▶ Exercise: Reproduce verbatim the lines of the material below, starting at the line with "- Westgold Resources" and ending at the line with "Nhiều tuyến đường", both inclusive; skip the rest.

▶ Given information:

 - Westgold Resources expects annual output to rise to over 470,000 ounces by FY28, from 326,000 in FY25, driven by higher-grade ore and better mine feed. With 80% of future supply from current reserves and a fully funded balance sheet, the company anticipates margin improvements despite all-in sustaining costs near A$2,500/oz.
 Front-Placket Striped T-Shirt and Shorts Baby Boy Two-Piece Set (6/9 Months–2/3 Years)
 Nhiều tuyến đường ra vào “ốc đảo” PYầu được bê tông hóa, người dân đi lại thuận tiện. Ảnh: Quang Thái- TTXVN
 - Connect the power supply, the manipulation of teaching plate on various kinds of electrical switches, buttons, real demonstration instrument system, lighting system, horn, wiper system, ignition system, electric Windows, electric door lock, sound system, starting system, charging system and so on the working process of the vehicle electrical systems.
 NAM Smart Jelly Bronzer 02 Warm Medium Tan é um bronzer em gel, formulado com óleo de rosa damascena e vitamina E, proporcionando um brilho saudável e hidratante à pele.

...

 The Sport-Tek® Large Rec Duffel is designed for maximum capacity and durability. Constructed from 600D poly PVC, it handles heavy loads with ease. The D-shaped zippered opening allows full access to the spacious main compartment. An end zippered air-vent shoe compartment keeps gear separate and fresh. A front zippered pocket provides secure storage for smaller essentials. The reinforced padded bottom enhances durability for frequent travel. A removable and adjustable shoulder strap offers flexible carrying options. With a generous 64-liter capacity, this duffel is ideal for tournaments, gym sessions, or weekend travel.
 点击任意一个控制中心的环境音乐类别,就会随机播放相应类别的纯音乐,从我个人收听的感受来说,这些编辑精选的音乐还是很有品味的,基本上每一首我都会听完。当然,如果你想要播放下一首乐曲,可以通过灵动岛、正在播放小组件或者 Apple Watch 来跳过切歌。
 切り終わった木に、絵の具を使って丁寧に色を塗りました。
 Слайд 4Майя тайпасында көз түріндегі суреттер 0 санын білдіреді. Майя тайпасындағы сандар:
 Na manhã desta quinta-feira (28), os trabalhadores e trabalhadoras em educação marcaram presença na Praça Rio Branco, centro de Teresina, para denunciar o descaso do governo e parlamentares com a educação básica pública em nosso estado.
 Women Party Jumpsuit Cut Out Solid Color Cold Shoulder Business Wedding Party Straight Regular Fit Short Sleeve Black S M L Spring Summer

* * *

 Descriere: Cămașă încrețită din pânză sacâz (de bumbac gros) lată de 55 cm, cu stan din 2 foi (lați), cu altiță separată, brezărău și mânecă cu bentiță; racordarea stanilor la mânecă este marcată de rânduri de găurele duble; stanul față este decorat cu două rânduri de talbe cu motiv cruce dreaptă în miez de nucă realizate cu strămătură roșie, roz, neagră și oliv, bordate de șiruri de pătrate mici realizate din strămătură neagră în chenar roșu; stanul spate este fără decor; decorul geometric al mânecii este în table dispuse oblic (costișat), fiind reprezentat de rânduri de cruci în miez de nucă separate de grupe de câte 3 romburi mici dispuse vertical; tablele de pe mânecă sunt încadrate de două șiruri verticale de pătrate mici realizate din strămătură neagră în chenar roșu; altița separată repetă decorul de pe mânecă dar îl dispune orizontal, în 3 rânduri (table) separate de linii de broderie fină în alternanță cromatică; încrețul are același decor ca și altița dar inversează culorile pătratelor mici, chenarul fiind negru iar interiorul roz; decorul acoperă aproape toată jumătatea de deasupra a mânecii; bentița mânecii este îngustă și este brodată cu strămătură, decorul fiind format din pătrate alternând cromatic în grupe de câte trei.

▶ Task response:
 - Westgold Resources expects annual output to rise to over 470,000 ounces by FY28, from 326,000 in FY25, driven by higher-grade ore and better mine feed. With 80% of future supply from current reserves and a fully funded balance sheet, the company anticipates margin improvements despite all-in sustaining costs near A$2,500/oz.
 Front-Placket Striped T-Shirt and Shorts Baby Boy Two-Piece Set (6/9 Months–2/3 Years)
 Nhiều tuyến đường ra vào “ốc đảo” PYầu được bê tông hóa, người dân đi lại thuận tiện. Ảnh: Quang Thái- TTXVN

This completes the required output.